建立色素检测分析方法过程中, 研究者已经开发出了很多种应用于食品着色剂含量的成熟检测手段, 如薄层色谱法、反向高效液相色谱法[6]、离子对液相色谱法、液相色谱串联质谱法。由于食品基质较为复杂且色素含量一般较低,高效的前处理技术成为了关键。目前,合成色素常用的前处理方法包括液液萃取、固相萃取、液相微萃取、分子印迹固相萃取等。其中固相萃取技术应用最为广泛,其发展与吸附剂的性能密切相关。
金属有机框架(metal-organic frameworks, MOFs)作为一种高效的吸附剂受到了广泛的关注。MOFs是通过配位方式将金属团簇与有机配体相互连接的多孔配位晶体结构。由于具有分子尺寸的孔洞,使得它可以在吸附、催化、药物分散等不同领域有多种应用。但是其超高的比表面积导致材料本身质量超轻,即使高速离心也很难收集,因此将MOFs纳米材料应用在食品检测前处理技术中存在一定的困难。
发明内容
根据本申请的一个方面,提供了一种色素检测的前处理方法及应用,该方法采用金属有机框架材料进行色素吸附,大大节省了前处理时间和实验成本。
一种色素检测的前处理方法,所述方法包括以下步骤:
步骤1、对含有色素的待测样品溶液进行固相萃取,得到吸附有色素的吸附剂;
所述吸附剂选自金属有机框架材料;
步骤2、采用洗脱剂对吸附有色素的所述吸附剂进行洗脱,得到洗脱液。
可选地,所述金属有机框架材料中的有机配体选自含有羧基取代的卟啉类化合物中的任意一种;
所述金属有机框架材料中的金属离子选自过渡金属元素中的任意一种。
可选地,所述有机配体包括四(4-羧苯基)卟啉;
所述金属离子包括Zr离子。
可选地,所述金属有机框架材料的微观形貌为棒状结构。
可选地,所述金属有机框架材料的直径在500 nm~700 nm。
可选地,所述吸附剂包括PCN-222。
可选地,所述步骤1包括:
将上述待测样品溶液加入填装有所述吸附剂的容器中,在压力作用下,滤除液体,得到吸附有色素的吸附剂。
可选地,所述方法包括:
1.1、将筛板装入注射器中,并在筛板上方填装吸附剂;
1.2、将所述待测样品溶液加入注射器中,通过压力使所述待测样品溶液流过所述吸附剂,得到吸附有色素的吸附剂。

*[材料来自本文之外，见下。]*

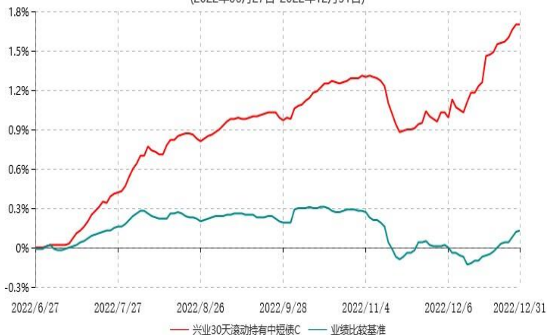
兴业30天滚动持有中短债C累计净值增长率与业绩比较基准收益率历史走势对比图 (2022年06月27日-2022年12月31日)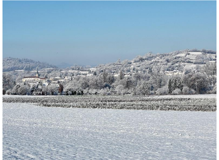
Blick auf Bohlingen im Schnee, aufgenommen am 11.12.2022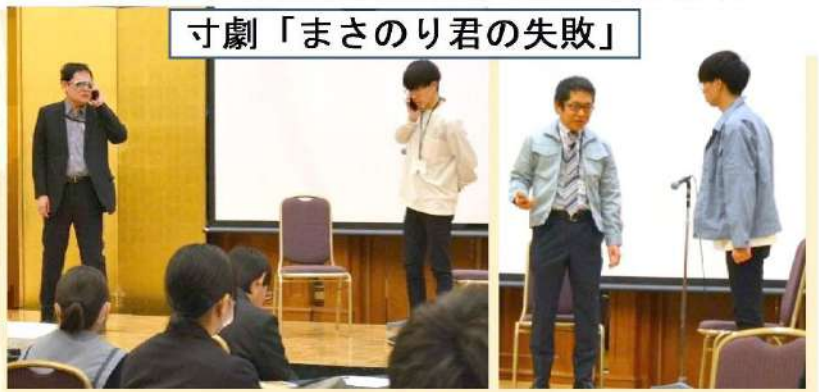
寸劇「まさのり君の失敗」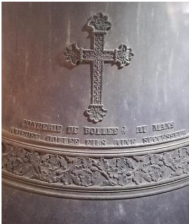
3/ FONDERIE DE BOLLEE * AU MANS AMEDEE BOLLEE FILS AINE SUCESSEUR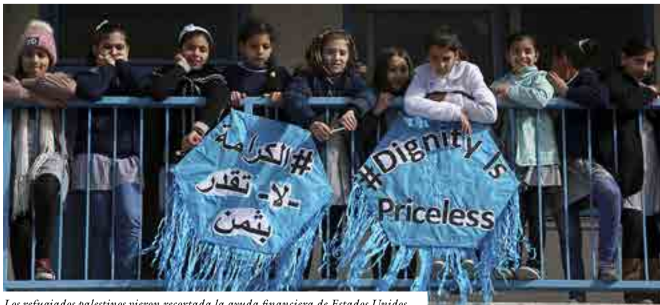
Los refugiados palestinos vieron recortada la ayuda financiera de Estados Unidos.

Las negociaciones de paz deben basarse en la legitimidad internacional y en la Iniciativa de Paz Árabe de establecer un Estado palestino independiente con Jerusalén Oriental como su capital, enfatizó.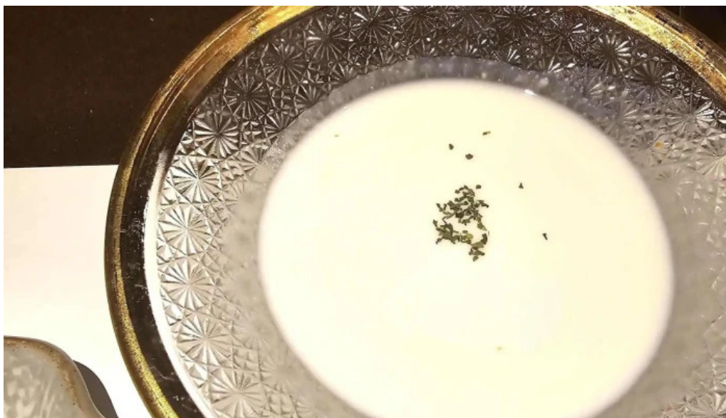
ビストロ新 ウェブサイト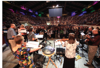
Penyembahan di Petang Hari

Setiap petang kita akan menikmati sajian musik dan pembicara dari satu benua setiap harinya.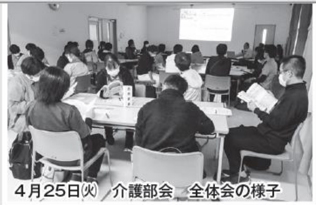
4月25日(火) 介護部会 全体会の様子

可选地,步骤1中,所述吸附剂与待测样品溶液中所述色素的质量比为1:1~8:1。
具体地,所述吸附剂与待测样品溶液中所述色素的质量比下限可独立选自为1:1、1.5:1、2:1、2.5:1、3:1;所述吸附剂与待测样品溶液中所述色素的质量比上限可独立选自为4:1、5:1、6:1、7:1、8:1。

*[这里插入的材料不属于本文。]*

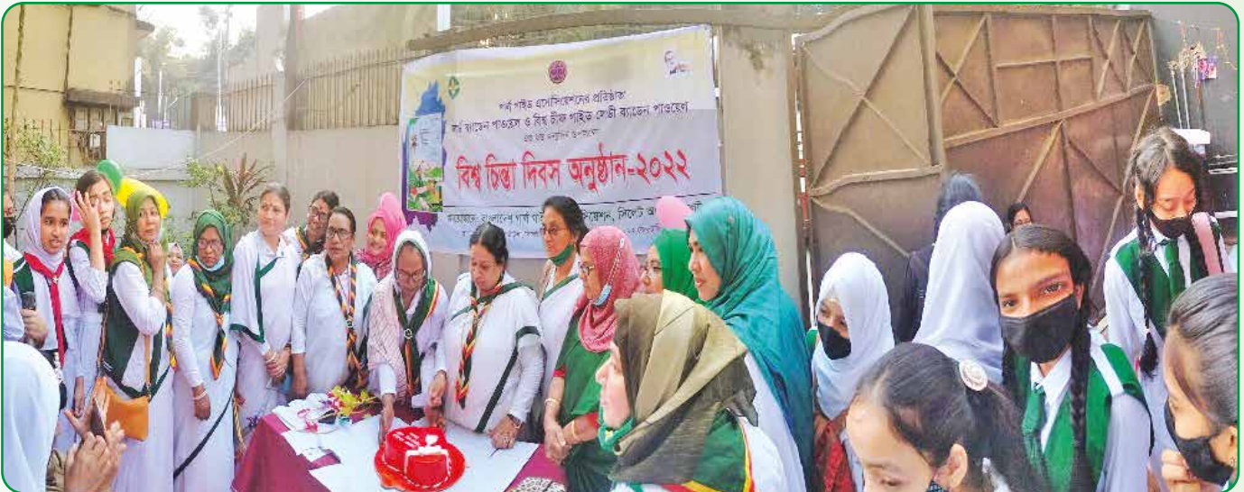
বিশ্ব চিন্তা দিবসে কেক কেটে লর্ড ও লেডি ব্যাডেন পাওয়েল এর জন্মদিন পালন করা হয়

বাণী পাঠ, চিন্তা দিবসের চাঁদা প্রদান, সাংস্কৃতিক অনুষ্ঠান। অনুষ্ঠানে সিলেট অঞ্চলের বিভিন্ন শিক্ষা প্রতিষ্ঠান হতে প্রায় ১০০ জন, হলদে পাখি, গাইড, রেঞ্জার, গাইডার অংশগ্রহণ করেন। এছাড়া আঞ্চলিক ও জেলা কমিটির সদস্যগণও উপস্থিত ছিলেন।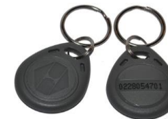
Proxi beléptető kulcstartó

Többféle színben Működési távolság 5-8 cm

可选地,所述筛板的作用是为了使吸附剂能够停留在注射器中,因此筛板的孔径应当小于吸附剂粒度。
可选地,步骤1中,所述待测样品溶液的pH为2~9;
所述待测样品溶液的溶剂包括水。
具体地,所述待测样品溶液的pH可独立选自2、3、4、5、6、7、8、9,或上述两点之间的任意数值。
可选地,步骤2中,所述洗脱剂为有机溶剂;
所述有机溶剂选自甲醇、N,N-二甲基甲酰胺中的任意一种。
可选地,所述洗脱剂的pH为7~11;
具体地,所述洗脱剂的pH可独立选自7、8、9、10、11,或上述两点之间的任意数值。
优选地,所述洗脱剂为有机溶剂与碱性溶液的混合液。
可选地,步骤2中,所述洗脱剂用量为:
吸附剂与洗脱剂的质量体积比为0.5~4:1~5 mg/mL。
具体地,所述吸附剂与洗脱剂的质量体积比下限可独立选自0.5:5 mg/mL、0.5:4mg/mL、1:4 mg/mL、1:3 mg/mL、1:1 mg/mL;所述吸附剂与洗脱剂的质量体积比上限可独立选自2:1 mg/mL、2.5:1 mg/mL、3:1 mg/mL、3.5:1 mg/mL、4:1 mg/mL。
可选地,所述前处理方法用于含有色素的食品的处理;
所述色素选自胭脂红、柠檬黄、亚甲基蓝中的任意一种。
根据本申请的又一个方面,提供了一种色素含量的检测方法,所述方法包括:
对含有色素的样品前处理后,进行色谱分析;
所述前处理方法选自上述任一前处理方法。
本申请能产生的有益效果包括:
1)本申请所提供的前处理方法,将金属有机框架材料与食品检测中前处理相结合,将金属有机框架材料作为柱填料添加到注射式固相萃取针筒内,与目标物胭脂红分子之间存在静电和π-π 作用,实现瞬时性的萃取。与广泛应用的液液萃取和固相萃取相比,本申请方法大量节省了前处理时间和实验成本,是一种对人类健康以及环境保护大有裨益的高效检测方法。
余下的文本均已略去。